Role of multi-drug-resistance Gram negative bacteria in the development of acute- on-chronic liver failure (ACLF).

Presented in

Poster Session 1

Poster topics

Microbial Pathogenicity

Authors

Camilla Cadoli (Frankfurt a. M. / DE), Wibke S. Ballhorn (Frankfurt a. M. / DE), Stephan Göttig (Frankfurt a. M. / DE), Volkhard Kempf (Frankfurt a. M. / DE)

Abstract

INTRODUCTION: Acute-on-chronic liver failure (ACLF) is the result of a dysbalance within the gut-liver axis culminating by the translocation of bacteria and bacterial compounds of the gut barrier. A chronically affected but balanced liver disease status is driven from multidrug-resistant (MDR) Gram-negative bacterial infections to an acute organ failure with high mortality rates.
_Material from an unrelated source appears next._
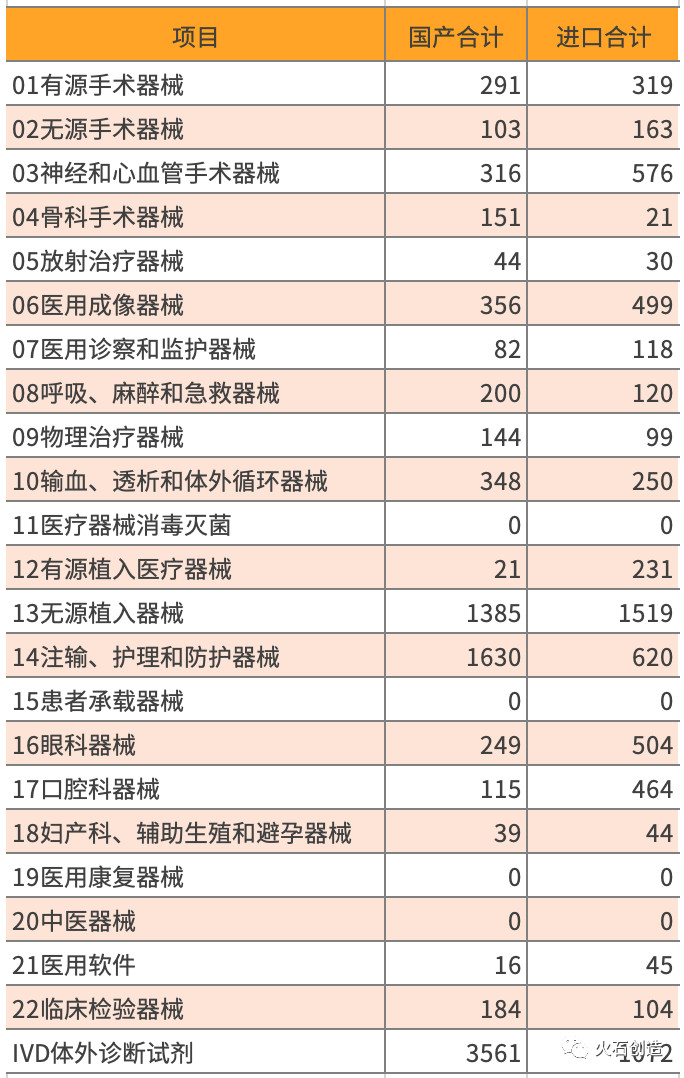根據(jù)火石創(chuàng)造數(shù)據(jù)庫顯示,近五年進(jìn)口和國產(chǎn)器械獲批數(shù)量比較,進(jìn)口器械獲批數(shù)量開始出現(xiàn)逐年降低且幅度較大,而國產(chǎn)器械的獲批數(shù)量穩(wěn)中有升,說明國產(chǎn)替代開始加速;另外,根據(jù)分類來看,國產(chǎn)二類遠(yuǎn)遠(yuǎn)大于進(jìn)口二類獲批數(shù)量,說明在中低端器械,國產(chǎn)基本實現(xiàn)替代,而國產(chǎn)三類與進(jìn)口三類差距不大,但國產(chǎn)三類開始出現(xiàn)增長趨勢,說明高端器械市場,國產(chǎn)替代在發(fā)力加速。見表1。

METHODS: Liver cells (HepG2) and intestinal cells (Caco2) were infected with either Klebsiella pneumoniae ATCC 700603 and two clinical isolates (one MDR) or Acinetobacter baumannii ATCC 19606 and two clinical isolates (one MDR) for 6h hours, each. For identification of toxic effects on liver cells, supernatants were analyzed for secreted cytokines and released metabolites. Using proteome profiler analysis, secretion of cytokines upon infection was brodly analyzed and confirmed by specific ELISAs. Bacterial and host cell metabolites were identified using HPLC/mass spectrometry.
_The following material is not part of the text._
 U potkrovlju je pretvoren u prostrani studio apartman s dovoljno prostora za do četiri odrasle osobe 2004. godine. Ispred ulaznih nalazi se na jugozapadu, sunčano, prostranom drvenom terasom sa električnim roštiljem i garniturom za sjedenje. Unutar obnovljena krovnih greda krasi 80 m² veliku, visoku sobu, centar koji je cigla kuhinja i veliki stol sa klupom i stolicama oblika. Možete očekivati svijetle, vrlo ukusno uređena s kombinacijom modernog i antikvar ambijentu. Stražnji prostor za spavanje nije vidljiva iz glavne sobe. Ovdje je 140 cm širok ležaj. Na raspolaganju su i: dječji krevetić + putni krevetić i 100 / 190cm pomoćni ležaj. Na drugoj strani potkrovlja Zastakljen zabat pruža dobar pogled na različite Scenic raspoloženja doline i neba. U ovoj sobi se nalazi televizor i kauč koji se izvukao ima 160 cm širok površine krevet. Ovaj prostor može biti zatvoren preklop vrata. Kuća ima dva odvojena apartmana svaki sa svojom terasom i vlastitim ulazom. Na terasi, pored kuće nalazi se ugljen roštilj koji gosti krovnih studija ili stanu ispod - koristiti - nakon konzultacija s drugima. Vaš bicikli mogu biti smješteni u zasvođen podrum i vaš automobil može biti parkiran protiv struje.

RESULTS: Proteome Profiler assays revealed an increased secretion of the pro-inflammatory cytokines IL-18 and MIF, the anti-inflammatory cytokine IL-13 and the primary inhibitor of tissue-type plasminogen activator SerpinE1. These results were confirmed for MIF and SerpinE1 using ELISA assays. By applying targeted and untargeted metabolomics analysis, the metabolic pathways that are affected during Gram-negative bacterial infection were identified. Fumaric acid, a metabolite of the Krebs cycle, was increased upon infection of liver and intestinal cells, and indole-3-acetic acid, a metabolite derived from aromatic amino acids cycles was increased. Interestingly, uridine and deoxycytidine, both metabolites resulting from nucleic acid metabolism, were increased during A. baumannii infections but decreased upon K. pneumoniae infections.
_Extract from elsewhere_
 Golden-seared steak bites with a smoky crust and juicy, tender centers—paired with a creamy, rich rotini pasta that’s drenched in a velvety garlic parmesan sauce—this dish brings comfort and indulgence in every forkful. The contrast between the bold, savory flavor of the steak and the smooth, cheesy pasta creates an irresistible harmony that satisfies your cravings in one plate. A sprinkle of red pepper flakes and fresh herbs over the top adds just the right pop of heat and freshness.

DISCUSSION: We speculate that the translocation of MDR bacteria or bacterial compounds or metabolites from the gut to the liver is decisive in the development of ACLF. Exact analysis of the role of inflammatory cytokines, bacterial compounds and metabolites might explain the pathogenic mechanisms underlying ACLF and might represent an attractive target for therapeutic intervention.